Recent media reports, quoting unnamed officials revealed that French President Emmanuel Macron was expected to imminently visit India to discuss the ongoing Russia-Ukraine war, but more importantly, to expand bilateral defence cooperation which, doubtlessly, could include discussions on selling the IN more Scorpenes.

Moreover, with MDL delivering INS Vagsheer, the sixth Kalvari-class boat sometime soon to the IN, there was the larger and starker issue of the shipyards submarine building skills, developed at great cost, once again falling into disuse. If such a state of affairs prevailed, which currently seems a dead-cert, it would be a disastrous re-run of the ‘lost decade’ for the IN between 1995 and 2005. This refers to the period when MDL’s submarine construction facilities remained idle for 10 years, following the corruption scandal involving the procurement of the four HDW boats, that ultimately remained unresolved.

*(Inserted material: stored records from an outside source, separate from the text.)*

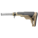 This is a UTG PRO AR-15 Ops Ready S4 Mil-spec Stock Kit molded from impact resistant high strength matte black polymer. It is complete with Mil-spec extension tube, buffer, buffer spring, receiver end plate, and castle nut. Its unique 4.28″ length with 4 position adjustability provides comfortable length of pull and ease of shouldering firearm when wearing a load bearing vest or plate carrier system. It is built for heavy duty use with the tightest tolerance controls to provide the most secure fit and function. Flat dark earth finish.
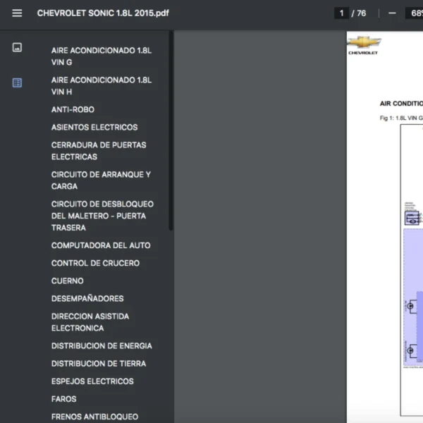 Si estas buscando un manual eléctrico de la marca Chevrolet modelo Sonic de 1.8L año 2015, este es el diagrama automotriz que necesitas.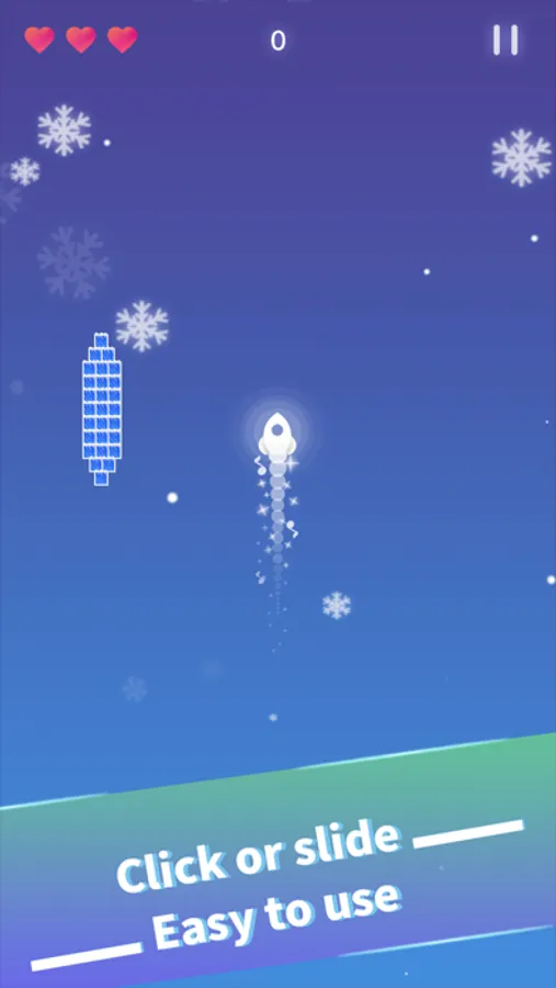 As the game progresses, some ice cubes have been strengthened, you need to slide to change the rocket's orbit, find the weak position of the ice cube to hit.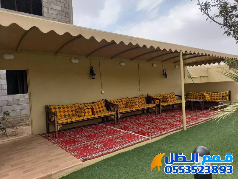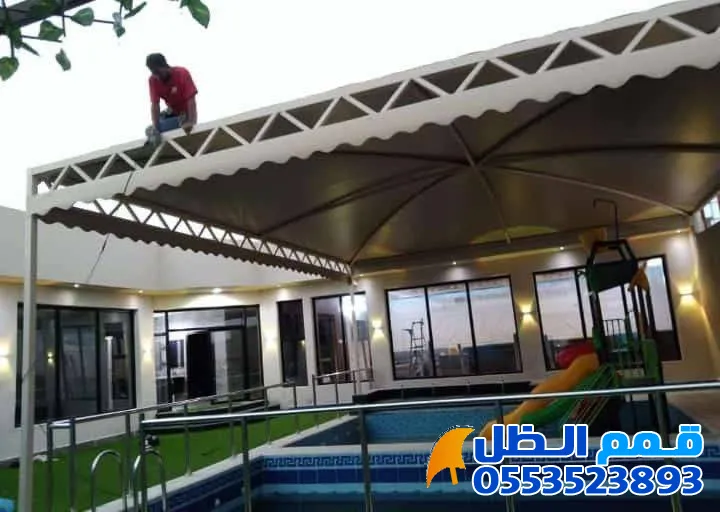 - التركيب النهائي: تثبيت الهيكل وتغطية المظلة بالقماش أو الخامة المختارة بدقة عالية.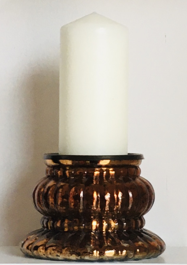 Candelabro in vetro colore bronzo anticato. La candela può avere un diametro di 8 cm circa.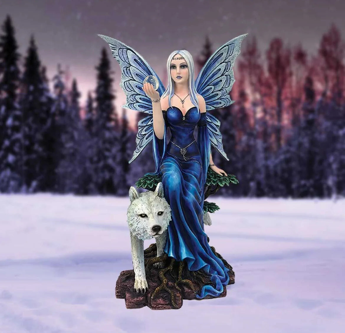 A beautifully presented silver haired Fairy and a white wolf gather around a heavily rooted tree. the eerily light Fairy sits on the tree as the wolf skulks over the many roots. The Fairy wears a long-flowing deep blue strapless dress which flows from her chest to the tree roots below. She holds up her right arm, in her hand is a translucent orb which she stares fixedly into. Behind, her wings are elegantly detailed with alternating patterns that are highlighted by different shades of blue. Cast in the finest resin before being lovingly hand-painted, this fantastic Fairy figurine is perfect for any shelf or mantelpiece.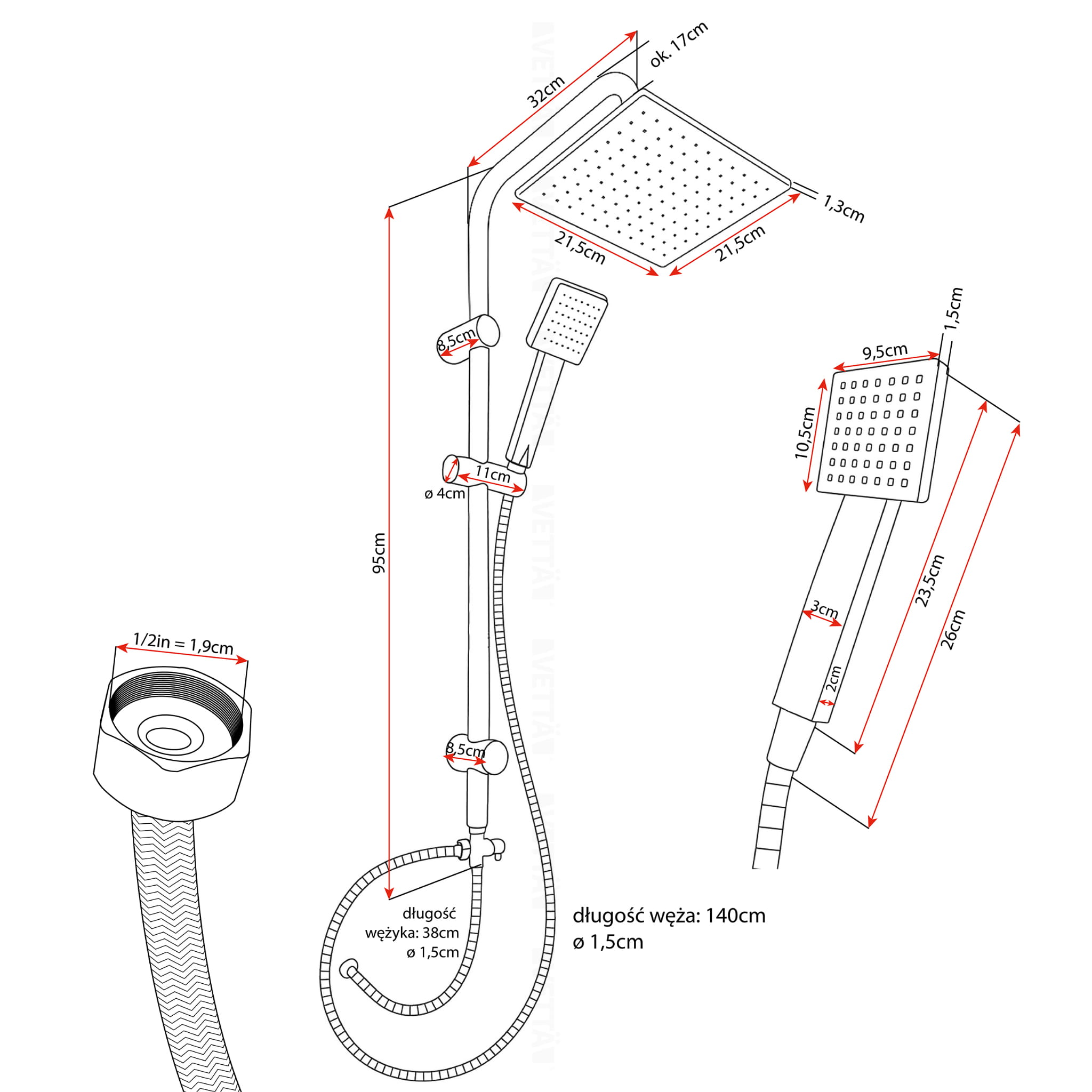 DESZCZOWNICA Zestaw prysznicowy chromowy Natrysk Prysznic Słuchawka VETTÄ

MDL had licence-built two of these HDW boats, but the alleged wrongdoing in the deal that remained unproven-had led to all its submarine building activity being subsequently halted, as federal investigations proceeded at a snail’s pace and turned up nothing. In turn, this had resulted in MDLs specialised workforce, especially underwater welders, leaving to seek alternative employment abroad. But in 2005, MDL’s facilities were once again resurrected and skilled technicians re-hired for the P-75 programme at perilously vast expense, which the navy can ill afford to repeat.

“Through its inefficiencies in the P-75I tender, the IN seems determined to perpetuate MDL’s lost decade” railed a retired senior naval officer. To forestall such a consequence, it makes eminent sense to continue with the Scorpene programme, albeit with significant alterations as that would not only preclude delays in the 16-year-old 75I project, but also deliver the submarines in a shorter time frame, he added, declining to be named.

Other officials who had previously dealt with the IN too were taken aback over its P-75I tender, whose December 2022 deadline response from vendors – deferred earlier from November 2021 – has now been extended to end-2023 in an attempt to resolve its innumerable anomalies and failings. Even IN Chief of Staff Admiral R. Hari Kumar recently admitted that P-75I faced ‘several challenges’ but claimed that these had been ‘adequately addressed, but declined to elaborate. Even the IN spokesman declined to comment on the extension granted to the OEMs in responding to the RfP.

“It’s surprising that the IN which has previously demonstrated sagacity in pursuing indigenous shipbuilding and related projects, has faltered so grievously in managing such a vital project like P-75 over obviously avoidable obstacles,” said Amit Cowshish, former MoD financial advisor on acquisitions.

However, with some imaginative thinking and bold action it can still salvage it, he advised.